START DATASET CONTENT
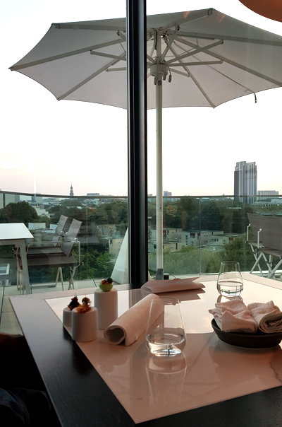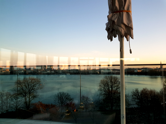 Wir waren zu viert, saßen mit sehr schönem Blick auf die Alster und
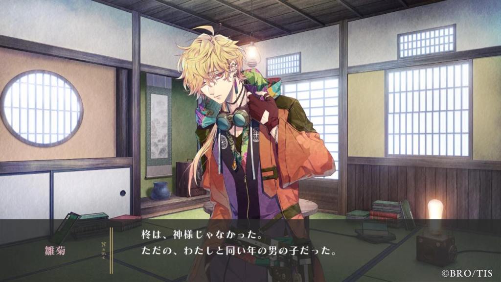 This route is a continuation from Tobari route. Shiranui is rebelling against Taijyu’s rule and sewing chaos in Itehari. In the beginning of the base game, we hear Taijyu telling the tale of how Itehari came to be. What starts this route, is Hiiragi’s monologue: he is at the core of the faith of people of Itehari, yet he is no God.
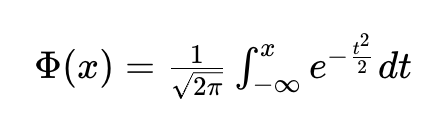 Φ(x) 是标准正态分布的累积分布函数(简单理解:一个 0-1 之间的平滑系数,随 x 增大从 0 逐渐趋近于 1)
END DATASET CONTENT
* WHAT IS BEING ASKED
Everything in the data above should be set down again exactly, except the pictures.

* EXERCISE SOLUTION
 Wir waren zu viert, saßen mit sehr schönem Blick auf die Alster und
 This route is a continuation from Tobari route. Shiranui is rebelling against Taijyu’s rule and sewing chaos in Itehari. In the beginning of the base game, we hear Taijyu telling the tale of how Itehari came to be. What starts this route, is Hiiragi’s monologue: he is at the core of the faith of people of Itehari, yet he is no God.
 Φ(x) 是标准正态分布的累积分布函数(简单理解:一个 0-1 之间的平滑系数,随 x 增大从 0 逐渐趋近于 1)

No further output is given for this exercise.